With the heatwave on around the world, it’s time to switch to healthier, lighter meals on a daily basis. This refreshing Watermelon and Feta Salad Recipe from Executive Head Chef Gopi Chandran of Sopwell House in St Albans, hits the spot.
Get a taste of the Mediterranean in your own back garden with this hydrating and vibrant watermelon and feta salad recipe. It will also go down a treat with your friends at your next summer BBQ. And we are all for food that is incredibly easy to throw together.
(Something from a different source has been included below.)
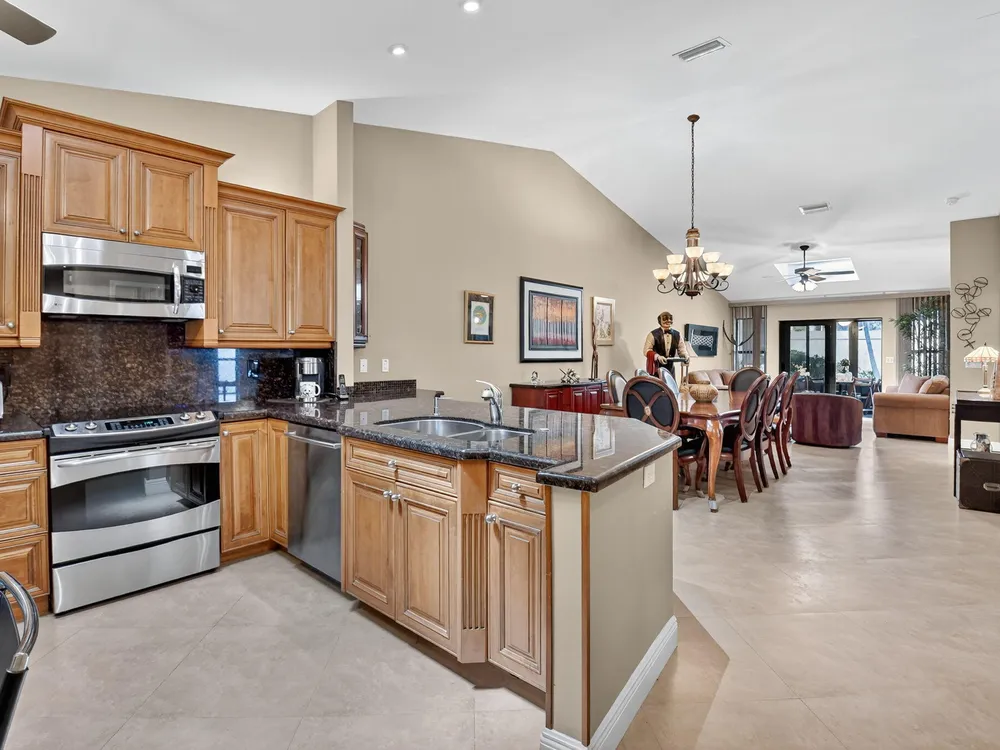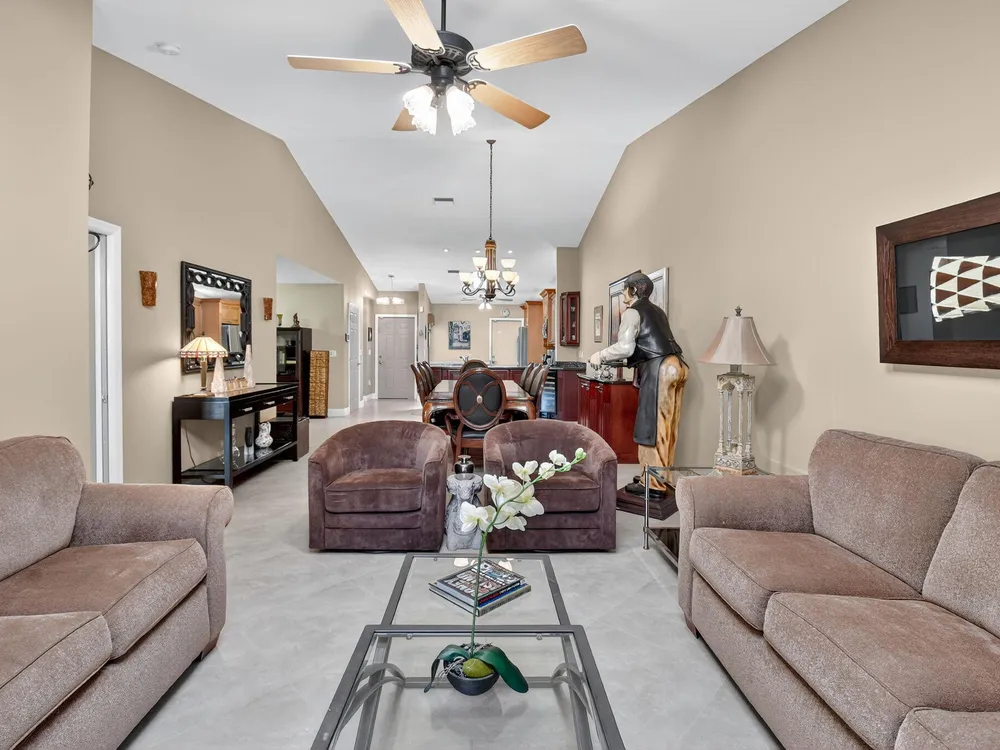 - Cathedral Ceiling(s), Kitchen Island, Split Bedrooms, High Ceilings, Walk-In Closet(s), Home Office, Breakfast Area, Living/Dining Room, Impact Glass, Primary Downstairs, Separate Shower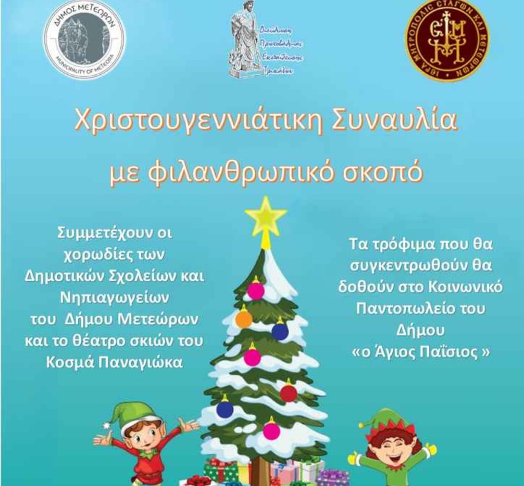 Ο Δήμος Μετεώρων, σε συνεργασία με την Ιερά Μητρόπολη Σταγών και Μετεώρων και τη Διεύθυνση Πρωτοβάθμιας Εκπαίδευσης Τρικάλων, σας προσκαλούν στη Χριστουγεννιάτικη Συναυλία με φιλανθρωπικό σκοπό.

Watermelon and Feta Salad Recipe
- ¼ Watermelon – Skin removed and diced 1 inch thick
- Feta – 200 g diced or crumbled
- Kalamata olives – 50 g pitted
- Red chilli – 1 finely chopped
- Olive oil – 10 ml
- Garlic clove – 1 clove
- A sprig of thyme and rosemary
- ½ large lemon, remove rind and julienne (slice rind into thin strips). Juice the flesh
- Basil leaves – 10 g
- Mint leaves – 10 g
- To make the dressing, slowly and carefully heat olive oil, adding the garlic, chilli, thyme and rosemary, lemon rind.
- Gently heat for 3 minutes, add lemon juice, salt and pepper. It’s important to do this slowly to avoid burning any of the added elements.
- Set aside to cool.
- To serve, spread the diced watermelon in the desired dish, sprinkle the feta on top, spoon over olives and distribute the dressing evenly.
- Finish with a fine chiffonade of basil and mint – this will bring out all the flavour.
Summer just got sorted. Stay healthy, stay hydrated.